観光庁と青森大学が連携して実施いている、「産学連携による観光産業中核人材育成・強化事業」の初回に続き第2回の講座が開催された。
この事業は、青森大学観光文化研究センターが昨年から取り組み、今年度が2年目で、全部で2泊3日の講座を3回と4コマ(1コマ4時間)の講座を予定している。今年度のテーマは「自然資源を生かした体験型観光商品の開発と観光地域づくり」で、実践から学びながら新たな体験型観光商品開発を担う人材の育成を目指して開講している。
初回(第1ターム)は、7月に八戸市種差海岸で環境省が提唱している「みちのく潮風トレイル」のほか、国内外の「ロングトレイル」「フットパス」など「歩く」というテーマで行われた。初回に続き第2回目(第2ターム)の講座は、9月4日〜6日に鰺ヶ沢町熊の湯温泉を会場に行った。受講生のほとんどは、熊の湯温泉に宿を共にし、3日間にわたり熱心に熱い学びの時間を過ごした。
第2タームのテーマは「自然環境を利用したスモールビジネス」で自然資源を生かした体験型の観光商品を展開するためのスモールビジネスの手法を学んだ。
初日の冒頭に、山梨県清里で1980年代から環境教育に取り組み自然体験を事業化に取り組み、現在は公益社団法人日本環境教育フォーラム代表理事の川嶋直氏が「自然を守りつつ、自然を魅せる手法」というテーマで自然と人をつなぐ様々な体験プログラムに手法を紹介していただいた。小さな取り組みや工夫の積み重ねがやがて大きな展開につながる事例を知ることができた。
次に、世界遺産である白神山地がある津軽エリアをフィールドに「つがる野自然学校」を運営している谷口哲郎氏から「白神山地の現状と自然資源を生かした事例紹介」というテーマで活動のフィールを取り巻く状況を伺った。
夕食の後、熊の湯温泉のご主人である元マタギの吉川隆氏からマタギにまつわる講話をいただき、マタギが自然と共にある精神的な考え方や、白神山地が世界遺産に指定された背景に起こった様々な出来事など、吉川氏らが取り組んできた様々な貴重な思いに触れることができた。

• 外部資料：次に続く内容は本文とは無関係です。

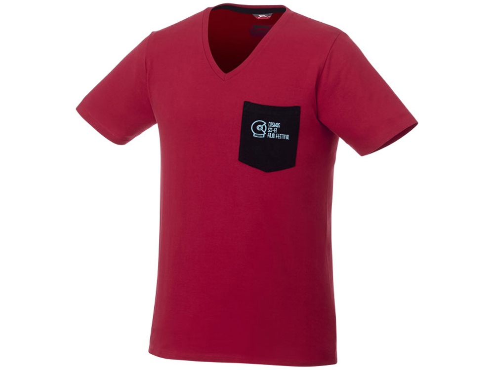 Мужская футболка Gully с коротким рукавом и кармашком. Без боковых швов.V-образная горловина. Нагрудный карман. Лента от плеча к плечу. Двойная строчка на воротнике и внизу изделия. Петелька-вешалка контрастного цвета. Комфортный ярлык-трансфер на изделии. Однослойная джерси, 100% хлопок. 150 г/м². Трафаретная печать (1 цвет (цветные изделия)) на данный товар осуществляется бесплатно. Оплачивается только настройка оборудования в размере 8200 рублей на весь тираж.

翌日の2日目は、前日から接近してきている台風21号の進路を気にしていたが、幸いにも深夜に通過し朝から日が差す好天となった。午前中に吉川隆氏をガイドに、熊の湯温泉の赤石川対岸の山へ案内された。登山道や整備されたトレイルはなく、マタギが歩いてきた森の道をたどった。1時間ほど山の傾斜を登りで大きなブナの木が数本ある森につきしばらく時間を過ごした。深い森の空気に触れ、受講生それぞれが深い緑の山と森を体感した。
午後は熊の湯温泉の前を流れる赤石川で渓流釣りの体験。前夜の台風の影響で濁流が流れていたが時間を追うごとに水量も下がり清流が戻った。ハヤとヤマメを10匹ほど釣り上げ、川原で火を起こし食した。終了時間になり焚き火の始末をどうするのかの質問に、吉川氏は、「火を消すときに決して水をかけない。マタギが考える自然観の中にある火の神と水の神を喧嘩させない、燃えている薪を散らし自然に火を消す。」というマタギの自然観を伝えていただいた。
その後宿に戻り、きのこをネタに多角的に事業を展開している高橋久祐氏(盛岡広域森林組合)から「自然素材を活用したビジネス展開の手法〜外山森林公園の事例〜」と題して、山菜やきのこという自然素材を生かして展開している事例を紹介していただいた。まさに社会関係資本を生かした展開に多くのヒントを得た講座となった。夕食後、佐々木氏(青森大学)から参加者の今後のアクションプランとなる「自然資源を活用したビジネスモデルの作成ワークショップの導入の講座で2日目を終了した。
最終日の3日目は、昨夜のワークショプから引き続き、事業企画をする上で抑えなければならない6W2H1Sを書き出し、受講生自身が今後企画する事業計画を練る時間となった。最後に今回の講座のまとめとして、飛鳥氏(青森大学総合経営学部)から「スモールビジネスの経営指標」と題して小規模観光事業経営にかかる財務のあり方と読み方を学んだ。
次回の第3タームは、4回の講座(各回4時間)を11月、12月の日曜日に予定している。近年急速に増加している外国人観光客を受けいれるための様々な課題を、県内の4つの事業団体に伺い受講生と共に討議する予定。